Friday, September 21, 2012

Crock Pot Chicken Adobo with Sauteed Farm Fresh Veggies

Crock Pot Chicken Adobo with Sauteed Farm Fresh Veggies

An easy overnight marinade and then a day in the slow cooker for this flavorful chicken. The farm share Daikon and Bok Choy side dish comes together quickly.
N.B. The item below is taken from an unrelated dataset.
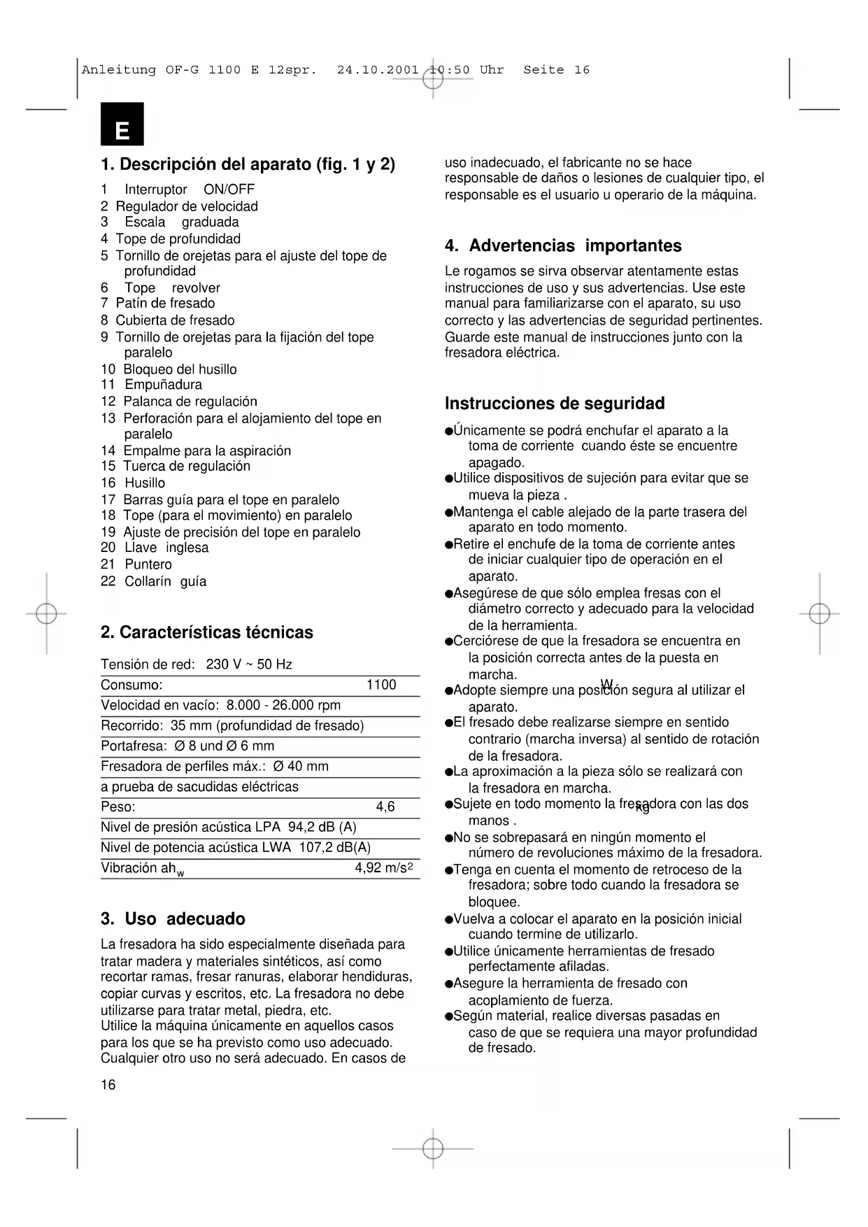 Anleitung OF-G 1100 E 12spr. 24.10.2001 10:50 Uhr Seite 151. Descripción del aparato (fig. 1 y 2) 1 Interruptor ON/OFF 2 Regulador de velocidad 3 Escala graduada 4 Tope de profundidad 5 Tornillo de orejetas para el ajuste del tope de profundidad 6 Tope revolver 7 Patín de fresado 8 Cubierta de fresado 9 Tornillo de orejetas para la fijación del tope paralelo 10 Bloqueo del husillo 11 Empuñadura 12 Palanca de regulación 13 Perforación para el alojamiento del tope en paralelo 14 Empalme para la aspiración 15 Tuerca de regulación 16 Husillo 17 Barras guía para el tope en paralelo 18 Tope (para el movimiento) en paralelo 19 Ajuste de precisión del tope en paralelo 20 Llave inglesa 21 Puntero 22 Collarín guía
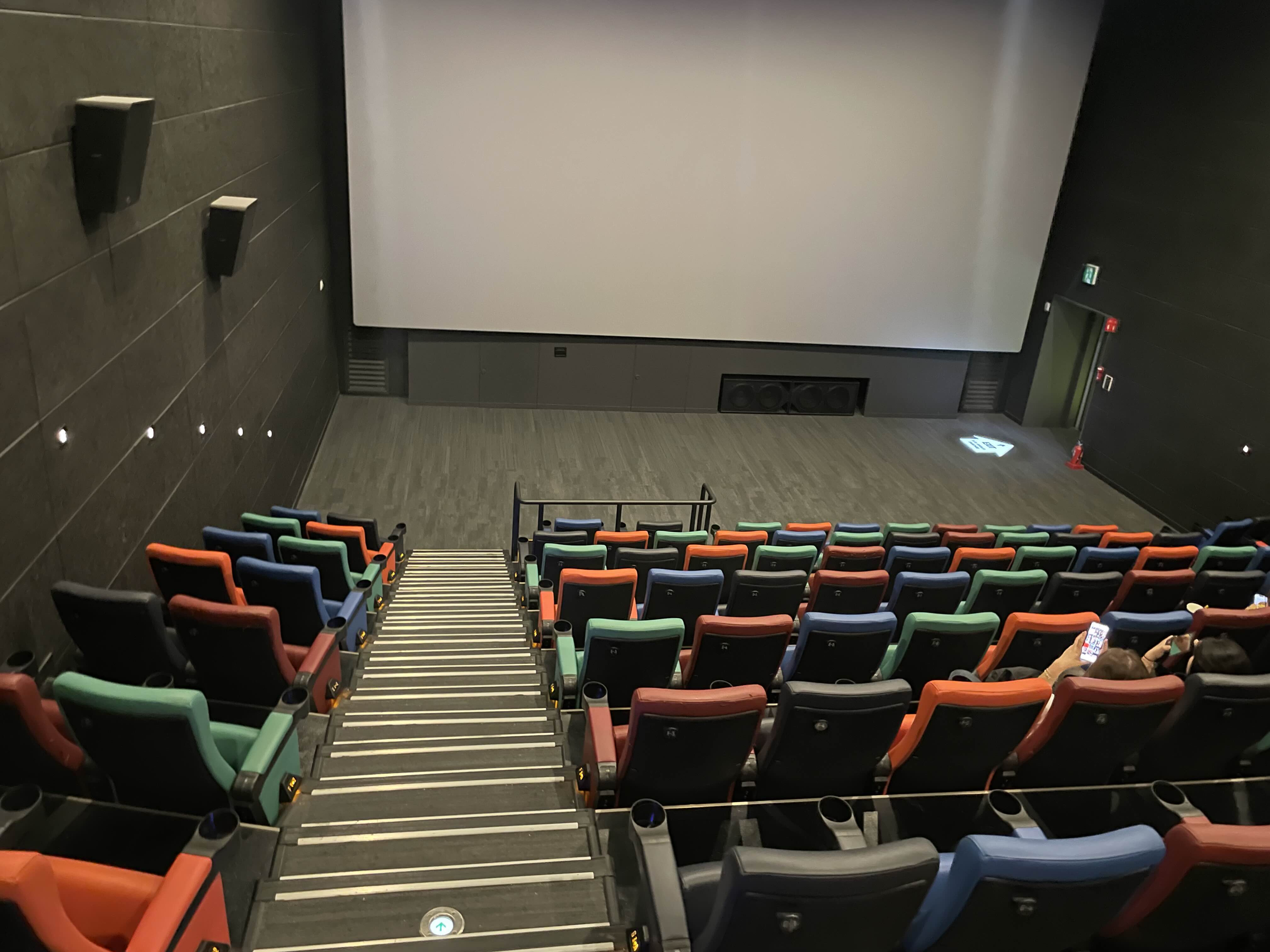 색색깔의 좌석이 눈에 띄었고 뭔가 아기자기한 느낌의 상영관이다.

If you've ever bought a family size pack of chicken breasts marked down at the grocery store,
if you've ever gotten bok choy and daikon radishes in the farm share and wanted recipe ideas,
if you've ever wanted to cook the meat once and repurpose the leftovers into a new meal,
if you've ever wanted to have an entree ready-to-go in the freezer,
if you've ever wanted a new crock pot recipe,
read on



Update:  Somehow I deleted all the original text between the intro and the recipe.  Here's some new thoughts:

During my time on active duty I was fortunate to work with nurses from all over the world.  In addition to learning about different points of view and different cultural aspects of nursing care, I also got to eat the most amazing foods at work functions.  I've never been to the Philippines, but I first tasted Chicken Adobo thanks to a Filipina nurse.  
It's crazy easy to make in the slow cooker using pantry ingredients (start the night before) and results in a bunch of moist, tender, flavorful meat, along with juices suitable for flavoring CSA farm share veggies in a way that entices your kids to eat them.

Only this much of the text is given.